Now, based on that, the events do not happen in the wrong order. What happens is; your click event on the other tab triggers both the textbox to lose focus (and the data binding to take place) and the move to the next frame, and based on that, you basically get a race condition where the moving to the next tab happens before the databinding takes place.
About question 2:
What you can do is, set the UpdateSourceTrigger to Explicit, you will however be forced to then have some kind of text_changed event and manually update the binding.
You can read more about that here. It might not be the most complete explanation but is a good place to start.
On the other hand, you can associate some events to the textbox and force the textbox to lose focus on those events (e.g. mouse out).
Just an idea: Why not do everything in the VM's PropertyChanged event?
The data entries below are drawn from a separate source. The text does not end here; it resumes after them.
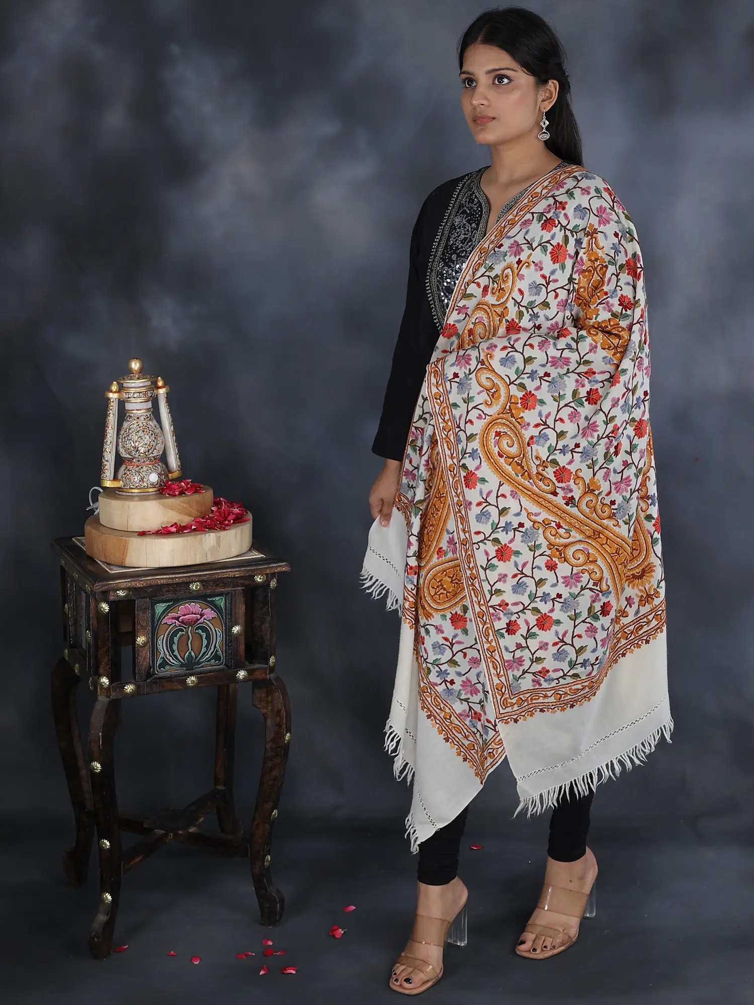 Wrap yourself in the elegance of our Kashmiri Stole. Aari hand-embroidered flowers and paisleys adorn this stole, reflecting the impeccable skill of Kashmiri artisans. The colors chosen mirror the breathtaking beauty of the Kashmir Valley. Aari embroidery has an enduring history and seamlessly merges with today's fashion. When you wear this stole, you carry a piece of Kashmir's craftsmanship and history, embracing a timeless accessory that transcends trends. It's a testimony to the grandeur of design from the region and a tribute to tradition that remains ever-trendy.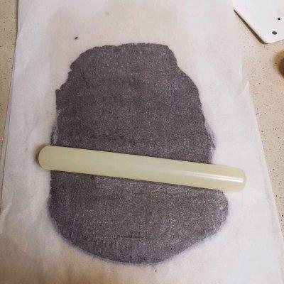 12、将面团放在两张油纸中间,擀成3mm的薄片,连油纸一起装入烤盘,放入冰箱冷冻1小时。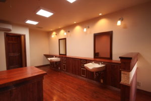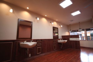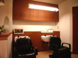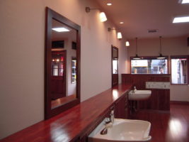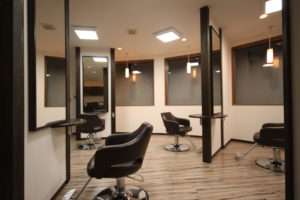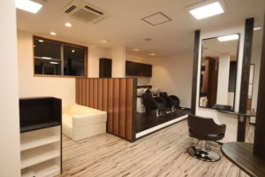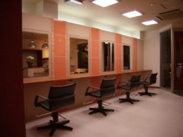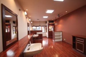 多角形なテナントに美容室を新規オープン。木造ゆえに撤去できない柱等あったが、それらを逆に活かし、多方向的なセット面のレイアウトを提案。オーナー様の当初からの意向を反映した色使いの内装を実現しました。

protected override void OnThisViewModelPropertyChanged(object sender, PropertyChangedEventArgs e) {
if(e.PropertyName == "WhateverProperty") {
//Do your magic here for whatever you want to set
}
}
Have your TabItems bound to a collection that will control is being disabled or not.
<sdk:TabControl>
<sdk:TabItem IsEnabled="{Binding SomeProperty, Converter={AmIDisabledOrWhatConverter}}" />
</sdk:TabControl>
That way, everything is triggered whenever a property is chaned in the vm. No more timing issues since everything is on the vm.
Just my two cents.
There's a design defect here, and you're trying to work around the defect instead of fixing it. You shouldn't have to figure out how to cancel the Click event on the tab. The tab shouldn't be processing Click events in the first place.
Generally speaking, if it's not legal for the user to click on a control, the control shouldn't be enabled. The tab should be disabled until the state of the view model is valid.
Your view model should be exposing a command for navigating to the next tab, and the tab should be bound to the command. The command's CanExecute method should only return true when the state of the view model on the current tab is valid.
This doesn't fix your other problem, which is that Silverlight doesn't support UpdateSourceTrigger="PropertyChanged" out of the box. But that's a solved problem (here is one example).
Note that if you implement commands to handle this wizard-like navigation in your application, you can, down the road, change the view to use something other than a tab control (e.g. to use navigation buttons like an actual wizard, or something like Telerik's PanelBar) without having to screw around with event handlers.
Change your bindings to include UpdateSourceTrigger="PropertyChanged".
This will ensure that your data sources are updated on every key stroke, not just LostFocus.
MyOwnTextBox()
{
this.TextChanged += (s, e) => UpdateText();
}
private void UpdateText()
{
BindingExpression be = GetBindingExpression(TextProperty);
if (be != null && be.ParentBinding.Mode == BindingModes.TwoWay)
{
be.UpdateSource();
}
}
I am using this class it updates my binding on the fly, however there is issue with empty string and null values, if your destination property is nullable string then this will update empty string in your destination property. You can get workaround by using some sort of string converter which will use null instead of empty string in case of nullable strings.